• _DESCRIPTION OF THE TASK_: The copy must match the data below line for line and contain no images.

• _MATERIAL FOR THIS EXERCISE_:
—————

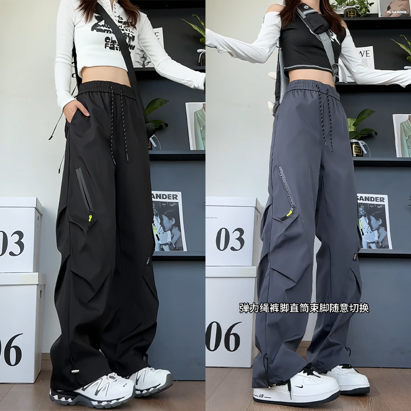 美式潮牌三防冲锋裤男女秋季压褶工装裤宽松大码百搭显瘦休闲裤子
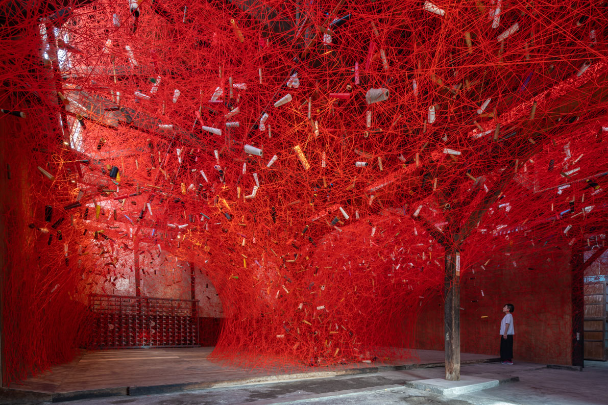 赤や黒の毛糸を使った塩田のインスタレーションは、いまや国際的にも彼女の最も良く知られたシリーズのひとつです。赤は人と人をつなぐ運命の糸、血縁、あるいは体内の毛細血管などを連想させます。われわれはどこから来て、どこに行くのか、生と死の境界はどこにあるのかといった、根源的な問いに初期から取り組み、そこには見えない「不在のなかの存在」を表現してきた塩田。本芸術祭では、のこぎり二に残る毛織物の機械や糸巻きの芯などを、一宮市の毛糸を使ったインスタレーションに融合させ、この場所に生きた様々な命、労働、エネルギーの記憶を蘇らせています。
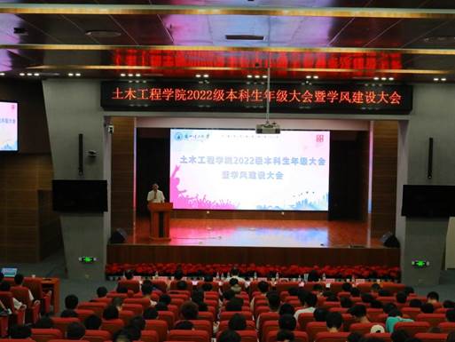 7月10日下午,2022级本科生年级大会暨学风建设大会在彭家坪校区图书馆106报告厅举行。公司党委书记陈永泰、公司经理王文达、副经理李万润、杜永峰教授、公司全体系主任参会,2022级辅导员、班主任及2022级全体本科生参加。会议由公司党委副书记王仪杰主持。
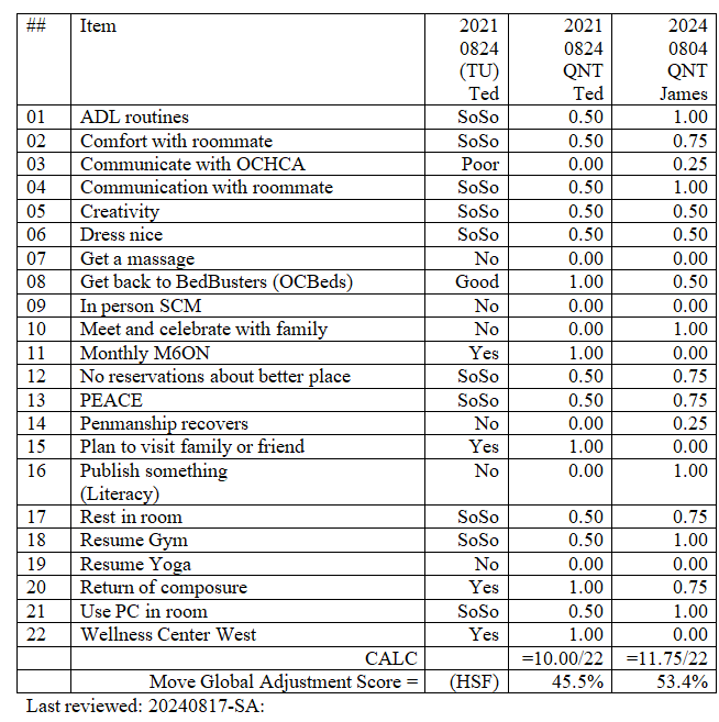 This is a Mini Structured Temporal Reconciliation (STR). STRs are similar to charting. We use STRs to cope. Make note the notation that our health is failing. We wished the belligerent Ted would be placed in another bed. Of course, we would want a GoodBed for him. In January 2024 we had Ted call 911 for us. We ended up at Aliso Ridge Behavioral Health. The ongoing problem was: We were released to the same BadBed sharing a room with Ted. Ted chronically interfered with our sleep.
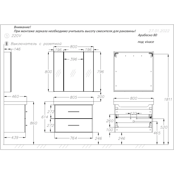 Механизм доводчика, Ящик, Полочка, Ручки, Зеркало-шкаф, Выключатель, Розетка, Тумба под раковину, Раковина
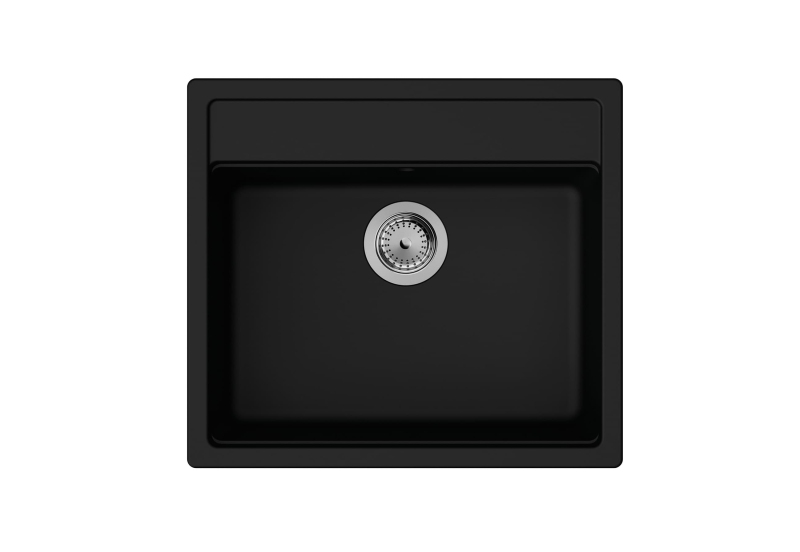 Jednodřez v barveném provedení grafitová černá s montáží na pracovní desku o rozměru 57x51 cm a hloubkou 18 cm.
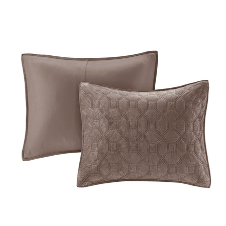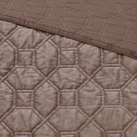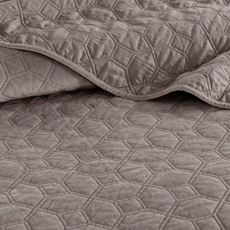Harper 3 Piece Velvet Quilt Set - Taupe - Full Size / Queen Size
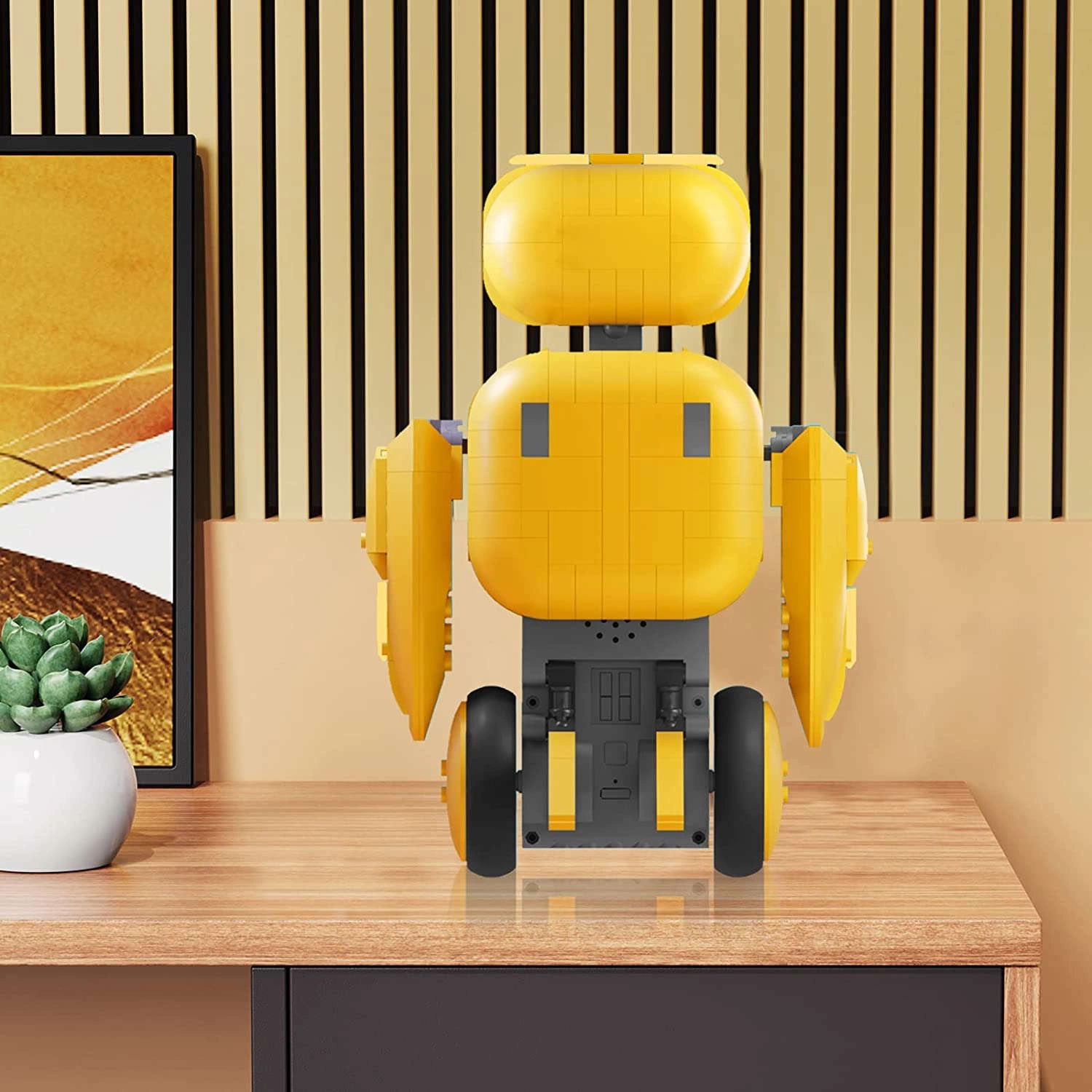 Model został zaprojektowany w kooperacji z najnowszej technologii modułem do zdalnego sterowania. Pełni funkcje sterownicze oraz stabilizuje gotowego robota złożonego z klocków.
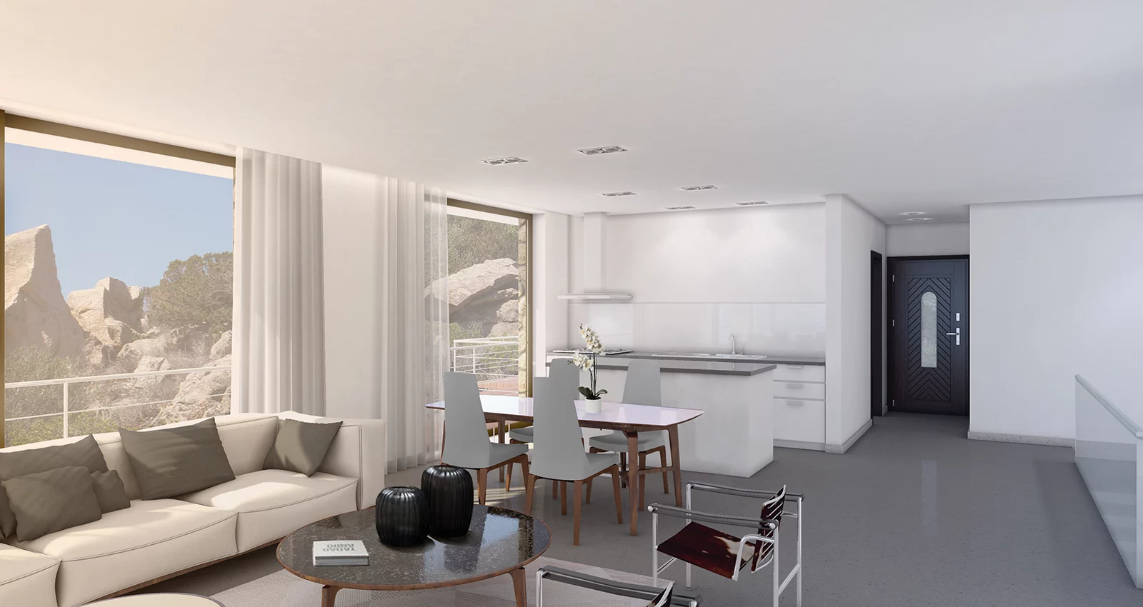 Edifici semplici e selvaggi, ma sofisticati e rispettosi della natura dei luoghi. Riverberano i colori inimitabili dell’isola della Maddalena, uno degli ultimi paradisi terrestri dell’intero Mediterraneo. Respirano gli odori di una natura intatta e protetta a vita dal Parco Naturale della Maddalena. Guardano uno dei mari più belli che mente ricordi, nelle sfumature e negli umori dall’alba al tramonto, dall’alto delle loro terrazze panoramiche. Pietra locale lavorata a mano per i muri a vista, intonaco di calce rosata, ferro ossidato sono le parole, semplici armoniose e anche ardite nella loro volumetrie essenziali le frasi con cui queste case parlano ai loro fortunati abitanti.
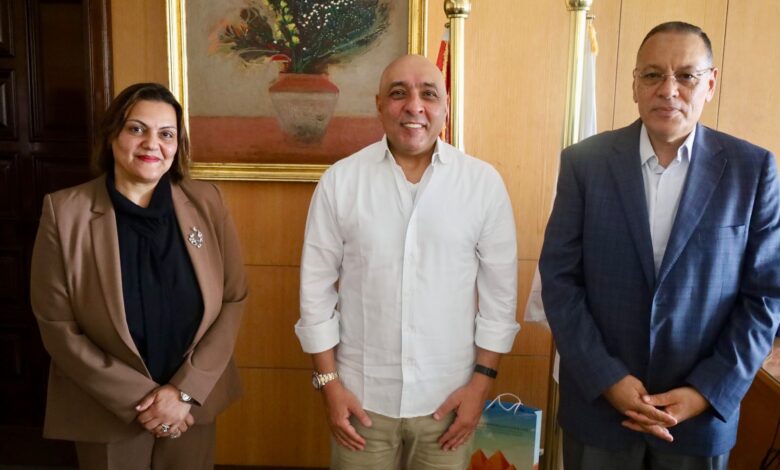 والأستاذ الدكتور هشام تمراز نائب رئيس الجامعة لشئون خدمة المجتمع وتنمية البيئة ،الأستاذة الدكتورة إيمان العزيزي نائب رئيس الجامعة لشئون التعليم والطلاب والأستاذة الدكتورة دينا فاروق ابو زيد عميدة الكلية
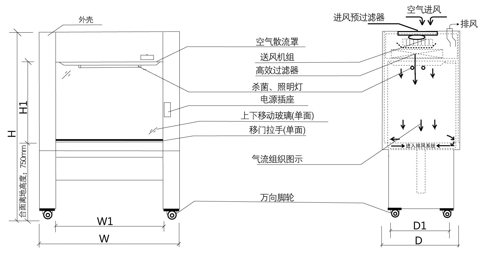 凈化工作臺(tái)由箱體、風(fēng)機(jī)、高效過(guò)濾器、操作開(kāi)關(guān)等幾大部件組成。箱體采用彩鋼板等制作,表面噴塑處理,工作臺(tái)面采用不銹鋼制作。凈化單元采用了可調(diào)風(fēng)量的風(fēng)機(jī)系統(tǒng),通過(guò)調(diào)節(jié)風(fēng)機(jī)的工作狀態(tài),可使?jié)崈艄ぷ鲄^(qū)中的平均風(fēng)速保持額定范圍內(nèi),而且有效地延長(zhǎng)了高效過(guò)濾器使用壽命。
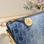 This callisto chain handbag is a new addition to Dior’s autumn collection, and it enhances the style of the collection with a stylish and elegant half-moon shape. It is carefully crafted in blue oblique print and embellished with the same tone of cow leather detailing. The zipper is designed to open and close, with a circular plaque engraved with the logo and star symbols, and the spacious compartment is equipped with multiple card slots. CD chain link chain is decorated with resin beading and paired with a leather strap for even more comfort on the shoulder. Dimensions: 20x14x4 cm

—————

• _SOLUTION FOR THIS PROBLEM_:
 美式潮牌三防冲锋裤男女秋季压褶工装裤宽松大码百搭显瘦休闲裤子
 赤や黒の毛糸を使った塩田のインスタレーションは、いまや国際的にも彼女の最も良く知られたシリーズのひとつです。赤は人と人をつなぐ運命の糸、血縁、あるいは体内の毛細血管などを連想させます。われわれはどこから来て、どこに行くのか、生と死の境界はどこにあるのかといった、根源的な問いに初期から取り組み、そこには見えない「不在のなかの存在」を表現してきた塩田。本芸術祭では、のこぎり二に残る毛織物の機械や糸巻きの芯などを、一宮市の毛糸を使ったインスタレーションに融合させ、この場所に生きた様々な命、労働、エネルギーの記憶を蘇らせています。
 7月10日下午,2022级本科生年级大会暨学风建设大会在彭家坪校区图书馆106报告厅举行。公司党委书记陈永泰、公司经理王文达、副经理李万润、杜永峰教授、公司全体系主任参会,2022级辅导员、班主任及2022级全体本科生参加。会议由公司党委副书记王仪杰主持。
 This is a Mini Structured Temporal Reconciliation (STR). STRs are similar to charting. We use STRs to cope. Make note the notation that our health is failing. We wished the belligerent Ted would be placed in another bed. Of course, we would want a GoodBed for him. In January 2024 we had Ted call 911 for us. We ended up at Aliso Ridge Behavioral Health. The ongoing problem was: We were released to the same BadBed sharing a room with Ted. Ted chronically interfered with our sleep.
 Механизм доводчика, Ящик, Полочка, Ручки, Зеркало-шкаф, Выключатель, Розетка, Тумба под раковину, Раковина
 Jednodřez v barveném provedení grafitová černá s montáží na pracovní desku o rozměru 57x51 cm a hloubkou 18 cm.
Harper 3 Piece Velvet Quilt Set - Taupe - Full Size / Queen Size
 Model został zaprojektowany w kooperacji z najnowszej technologii modułem do zdalnego sterowania. Pełni funkcje sterownicze oraz stabilizuje gotowego robota złożonego z klocków.
 Edifici semplici e selvaggi, ma sofisticati e rispettosi della natura dei luoghi. Riverberano i colori inimitabili dell’isola della Maddalena, uno degli ultimi paradisi terrestri dell’intero Mediterraneo. Respirano gli odori di una natura intatta e protetta a vita dal Parco Naturale della Maddalena. Guardano uno dei mari più belli che mente ricordi, nelle sfumature e negli umori dall’alba al tramonto, dall’alto delle loro terrazze panoramiche. Pietra locale lavorata a mano per i muri a vista, intonaco di calce rosata, ferro ossidato sono le parole, semplici armoniose e anche ardite nella loro volumetrie essenziali le frasi con cui queste case parlano ai loro fortunati abitanti.
 والأستاذ الدكتور هشام تمراز نائب رئيس الجامعة لشئون خدمة المجتمع وتنمية البيئة ،الأستاذة الدكتورة إيمان العزيزي نائب رئيس الجامعة لشئون التعليم والطلاب والأستاذة الدكتورة دينا فاروق ابو زيد عميدة الكلية
 凈化工作臺(tái)由箱體、風(fēng)機(jī)、高效過(guò)濾器、操作開(kāi)關(guān)等幾大部件組成。箱體采用彩鋼板等制作,表面噴塑處理,工作臺(tái)面采用不銹鋼制作。凈化單元采用了可調(diào)風(fēng)量的風(fēng)機(jī)系統(tǒng),通過(guò)調(diào)節(jié)風(fēng)機(jī)的工作狀態(tài),可使?jié)崈艄ぷ鲄^(qū)中的平均風(fēng)速保持額定范圍內(nèi),而且有效地延長(zhǎng)了高效過(guò)濾器使用壽命。
 This callisto chain handbag is a new addition to Dior’s autumn collection, and it enhances the style of the collection with a stylish and elegant half-moon shape. It is carefully crafted in blue oblique print and embellished with the same tone of cow leather detailing. The zipper is designed to open and close, with a circular plaque engraved with the logo and star symbols, and the spacious compartment is equipped with multiple card slots. CD chain link chain is decorated with resin beading and paired with a leather strap for even more comfort on the shoulder. Dimensions: 20x14x4 cm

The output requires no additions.